总而言之,入选了45名DLBCL患者(9名患有转化DLBCL,36名患有原发DLBCL)、40名FL患者和20名RT患者。其中,28名DLBCL患者(4名转化)、25名FL患者和17名RT患者可通过GEP分析评估基因。
数据库锁定时的总体中位数随访时间为19.4个月(范围为0.4个月至28.8个月)。
在具有GEP数据的患者中,针对DLBCL的总反应率为29.6%,针对FL的总反应率为43.5%,并且针对RT的总反应率为81.3%(表1)。

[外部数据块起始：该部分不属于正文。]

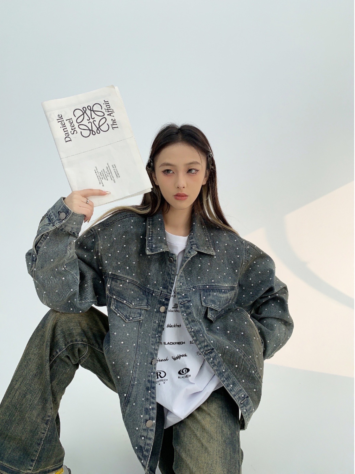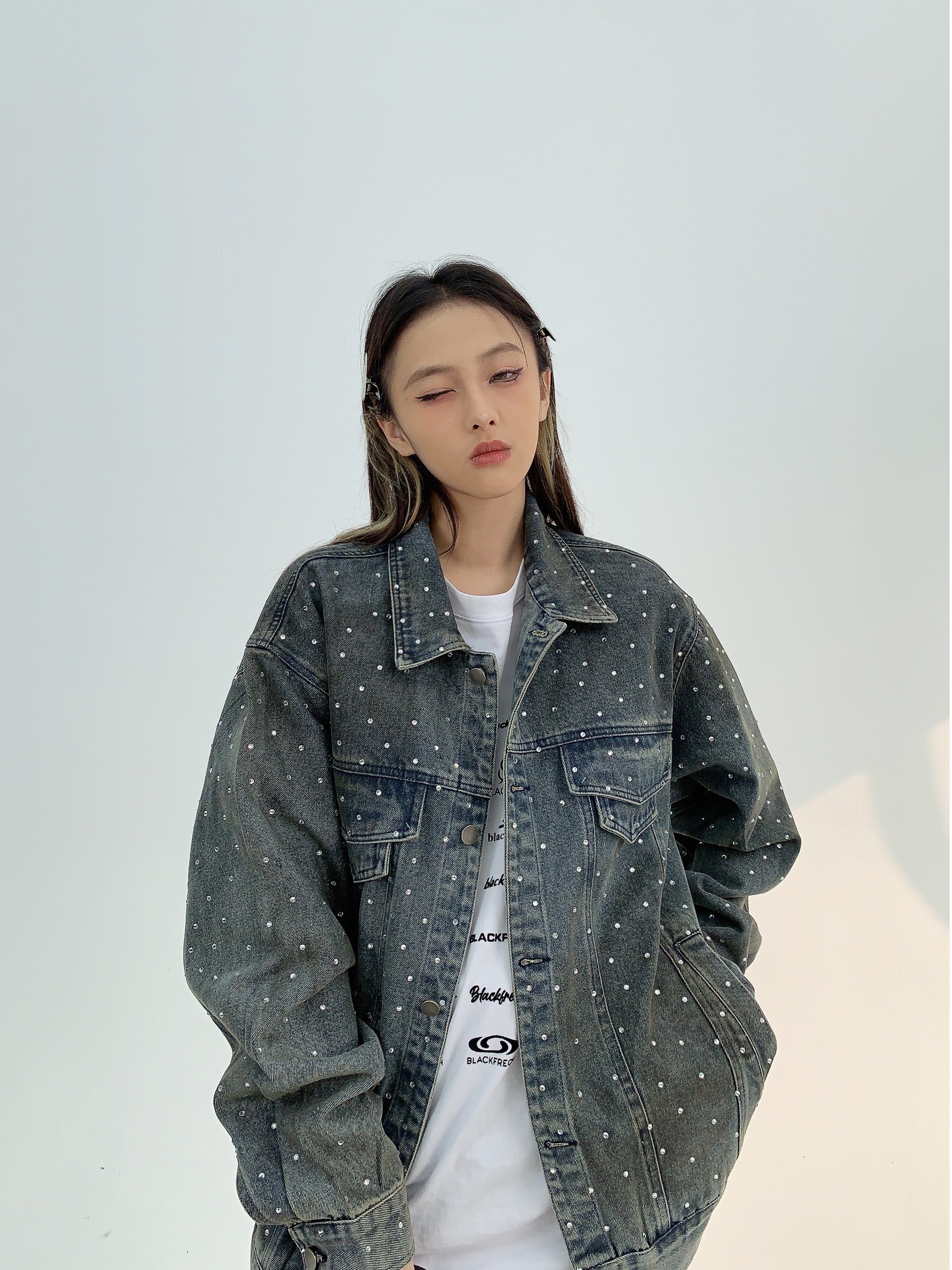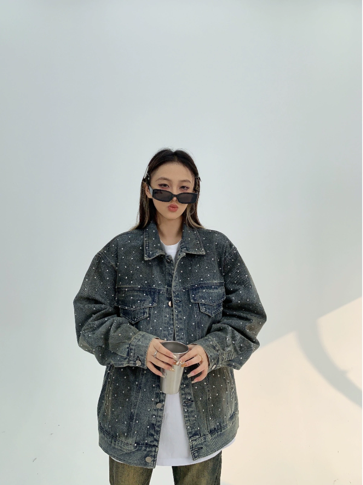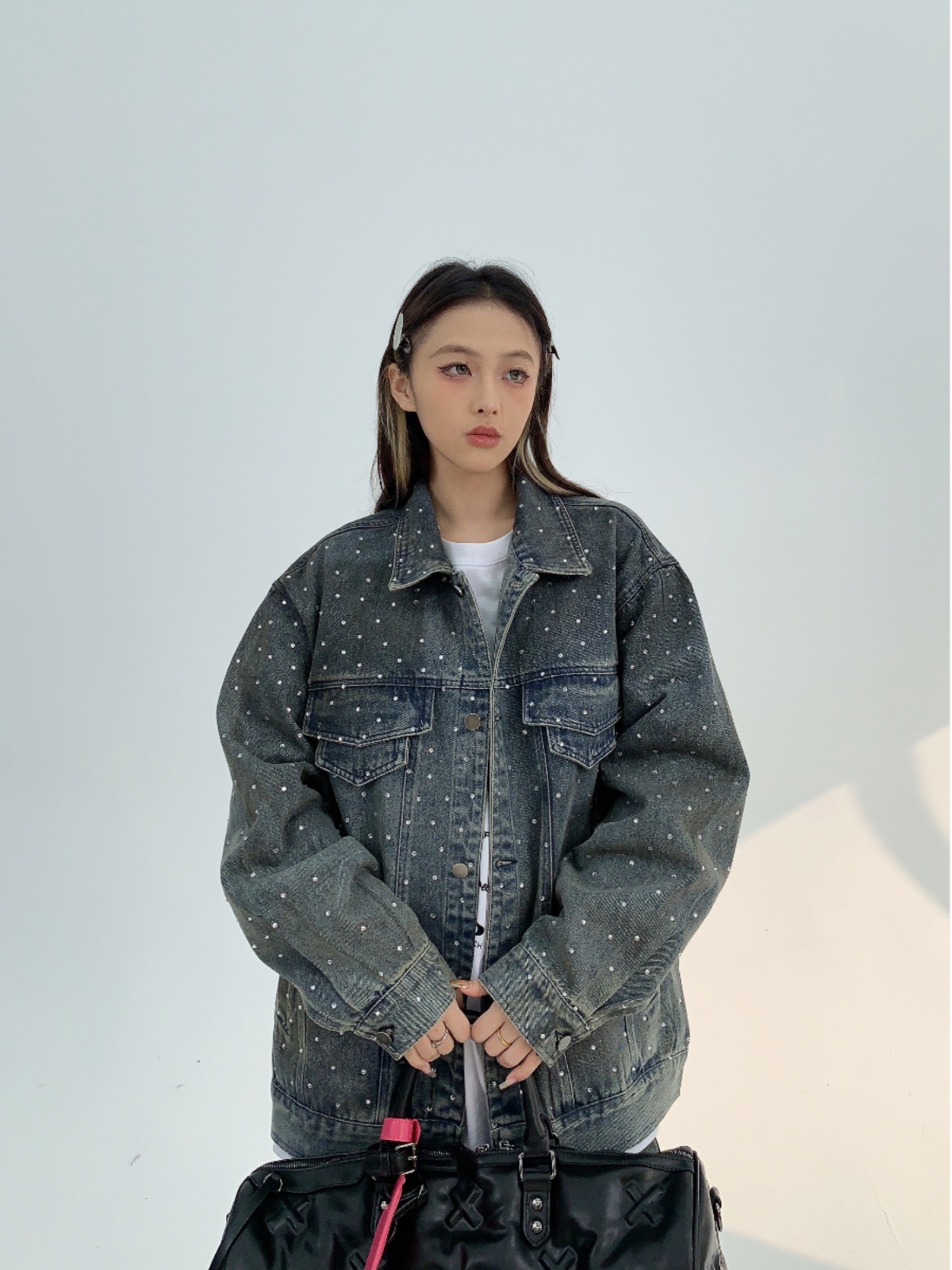 【アウター】エメラルド 春秋 ヴィンテージ風 オーバーサイズ デニム ジャケット 【FCシリーズ】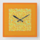 A chic Square Wall Clock, with a mix'n'match pattern of golden daffodils and coordinating polka dots, from a handpainted watercolour design by Judy Adamson.

表1.使用GEP数据研究对DLBCL患者、FL患者和RT患者的反应
ABC=活化B细胞;GCB=生发中心B细胞
亚型分析
通过GEP微阵列和HTG EdgeSeq DLBCL起源细胞(COO)测定(HTG)方法评估患者亚型。28名DLBCL患者可使用GEP微阵列方法评估亚型分析:5名患者具有活化B细胞(ABC)亚型,19名具有生发中心B细胞(GCB)亚型,并且4名未归类(表1)。13名DLBCL患者可使用HTG方法评估亚型分析:6名患者具有ABC亚型,6名具有GCB亚型,并且1名未归类。GEP方法和HTG方法之间的一致性很高-只有1名被GEP归类为GCB的DLBCL患者被HTG归类为ABC亚型。
PD-L1分析
DLBCL患者中的PD-L1表达和临床结果
PD-L1升高(≥5%肿瘤细胞)发生在8名(30.8%)DLBCL患者(3名CR,2名PR)、1名(4.0%)FL患者和3名(20.0%)RT患者(全部PR)中(表2)。在PD-L1 IHC和GEP均可用的DLBCL患者中,4/17GCB患者(1名CR,2名PR,1名SD)、1/3ABC患者(PD)和1/3居间患者(PD)具有PD-L1升高。

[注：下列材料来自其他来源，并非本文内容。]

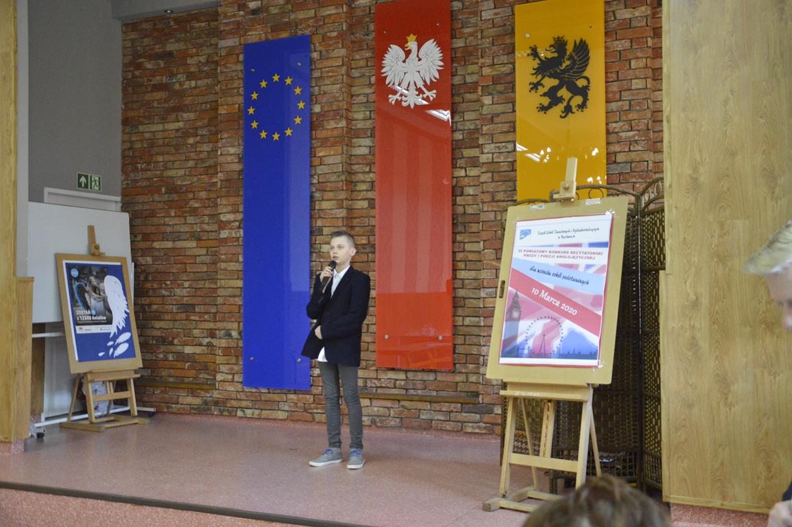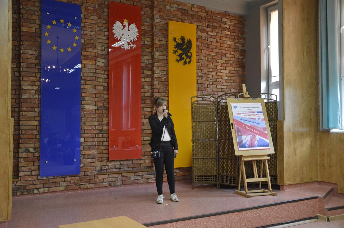 Dnia 10.03.2020r. w naszej szkole odbył się VI Powiatowy Konkurs Prozy i Poezji Anglojęzycznej dla uczniów szkół podstawowych zorganizowany przez nauczycieli języka angielskiego: p. Sylwię Woelkę i p. Arkadiusza Ulenberga. Spośród 19 uczestników jury wyłoniło trójkę zwycięzców oraz pięć wyróżnień. Konkurs wygrała Amelia Krause ze Szkoły Podstawowej w Borczu. Między występami uczestnicy mieli okazję wysłuchać uzdolnionych wokalnie członków zespołu muzycznego działającego w szkole „na Wzgórzu”. Po zakończonym konkursie młodzież oprowadziła uczestników konkursu pokazując im naszą szkołę. Dziękujemy i gratulujemy wszystkim uczestnikom!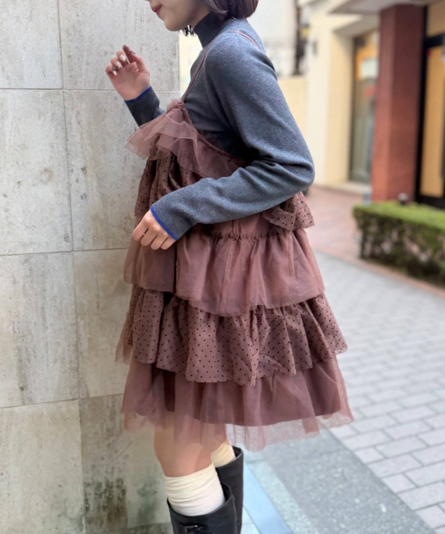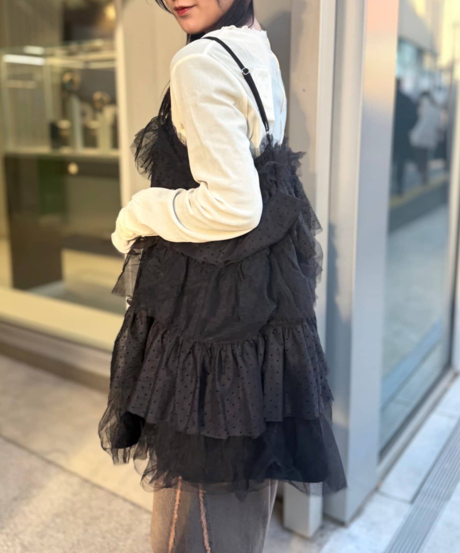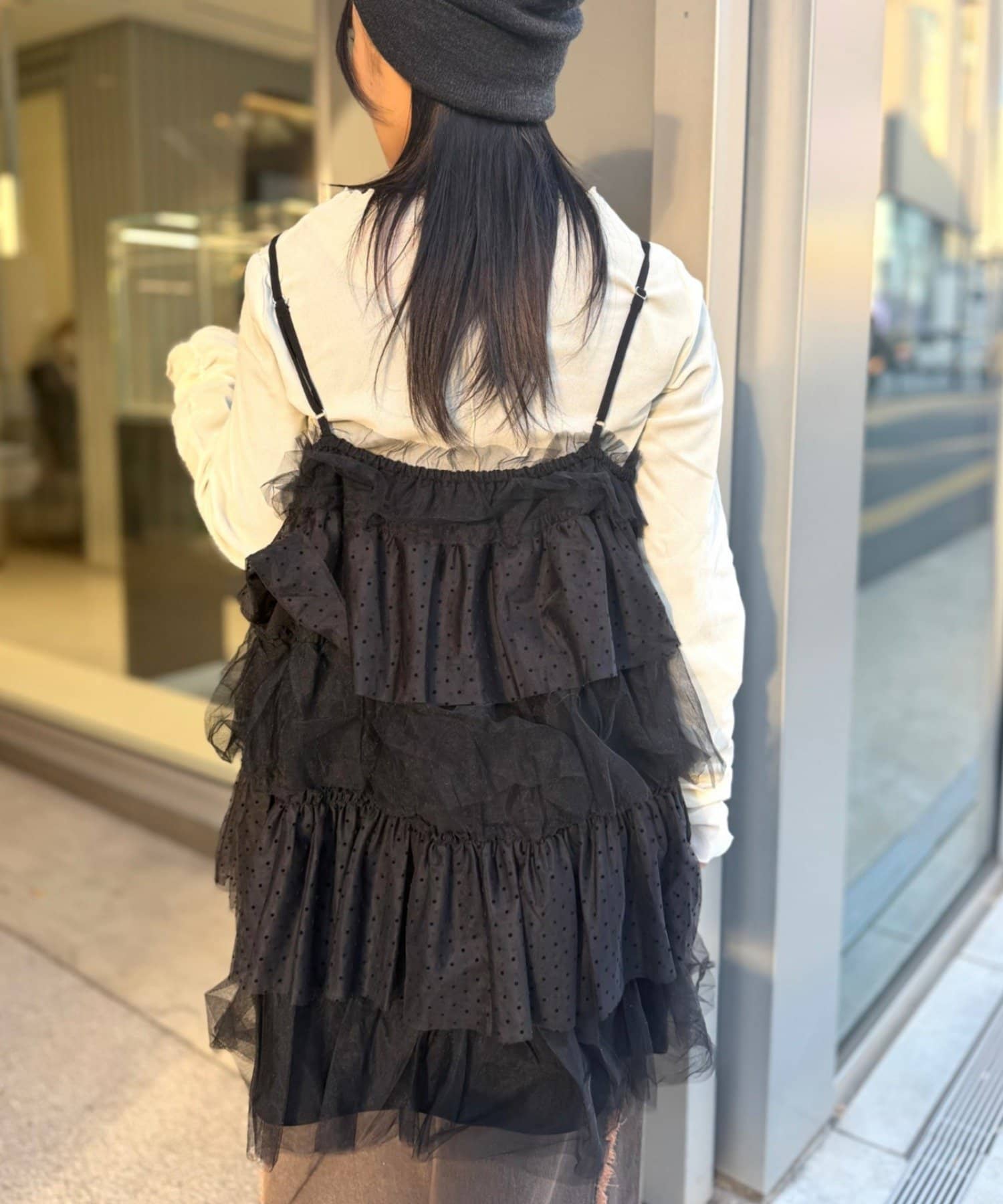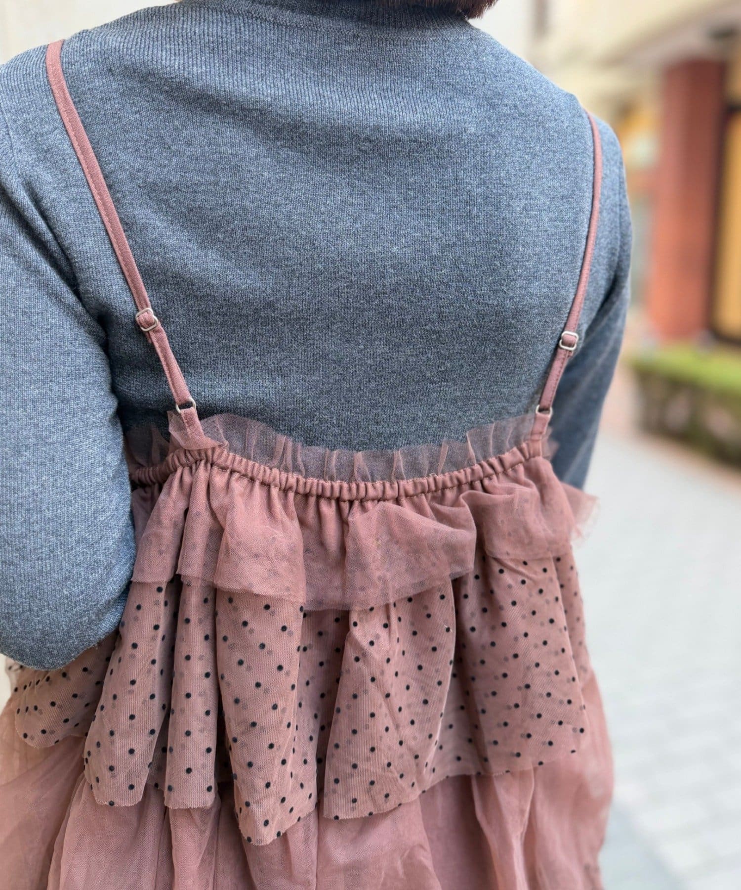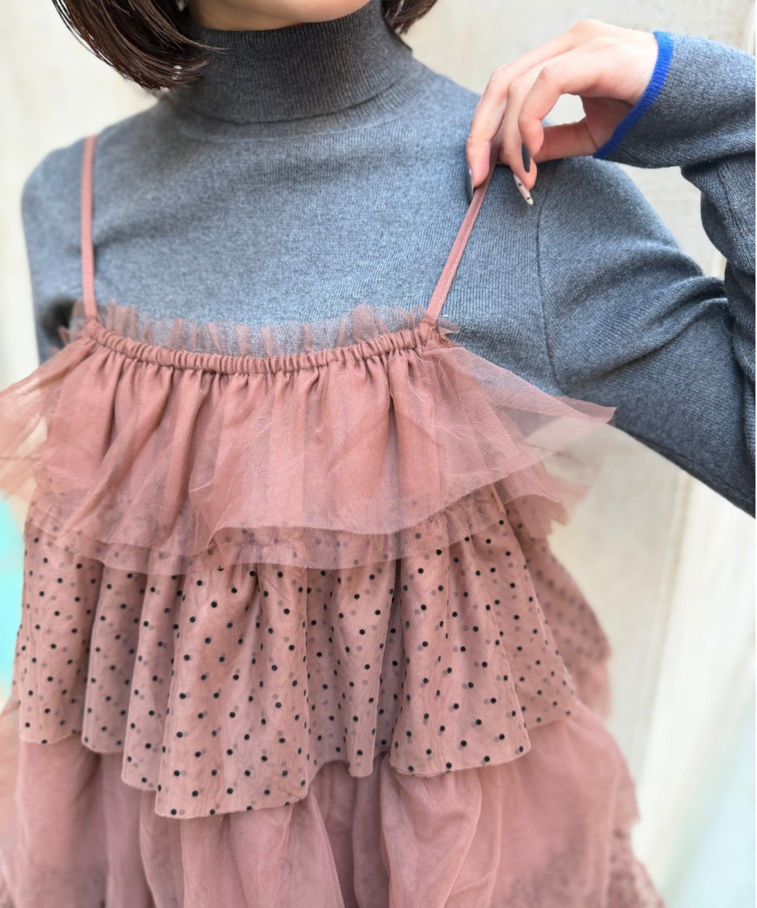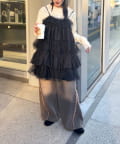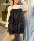 ・無地とドットのチュールが交互に重なるキャミワンピース

在DLBCL中,在反应者中对比在无反应者中,更频繁地观察到升高的PD-L1,但这在总体上不具有统计学显著性(62.5%对比18.8%,p=0.06);升高的PD-L1还与CR显著相关(37.5%对比0;p=0.03[Fisher精确检验])。
在DLBCL患者(n=26)(图2)中,以及在具有升高的PD-L1的GCB-DLBCL亚型(n=17)患者(图3)中,与不具有升高的那些患者相比,存在PFS改善的趋势。
表2.通过IHC和肿瘤类型评估的PD-L1表达*
*基于所考虑的测定,患者数量在不同结果之间略有不同。
FL患者和RT患者中的PD-L1反应和生存期
在FL患者中不能评估PFS改善的趋势,因为通过IHC,只有1名FL患者对PD-L1呈阳性。在RT中,13/16的可评估患者作出反应,但仅3/15的具有IHC数据的患者具有升高的PD-L1水平;PD-L1升高的所有患者均实现了PR。这些患者中的所有3名均具有持久的PFS和OS,并且在临床截止时依然存活,但由于数量少,因此不可能存在显著的相关性。
结论
在该研究中,PD-L1表达升高的DLBCL患者表现出对用依鲁替尼和纳武单抗治疗作出更好的反应以及出现更长的生存期的趋势,但患者数量少并且仅对CR实现了显著性。
依鲁替尼和纳武单抗治疗的安全性与单一药剂依鲁替尼相当,并且滤泡性淋巴瘤(FL)的总反应率(ORR)为32.5%,弥漫性大B细胞淋巴瘤(DLBCL)的总反应率为35.6%,并且Richter转化(RT)的总反应率为65.0%。
在27名具有可评估的GEP数据和反应者/无反应者状态的DLBCL患者中,ORR为29.6%,但这些患者中的大多数为GCB亚型(ORR 33.3%),其中先前仅报道了使用单一药剂依鲁替尼的ORR为5%。ABC亚型患者太少,因而不能进行稳健分析。
RT中的临床反应(历史上用单一药剂依鲁替尼或化学疗法的结果很差)超过预期:在经过筛选和接受治疗的患者中ORR为65.0%,并且在具有GEP数据的患者中ORR为81.3%;虽然通过IHC仅有3名患者具有升高的PD-L1,但所有这3名患者均具有持久的PR。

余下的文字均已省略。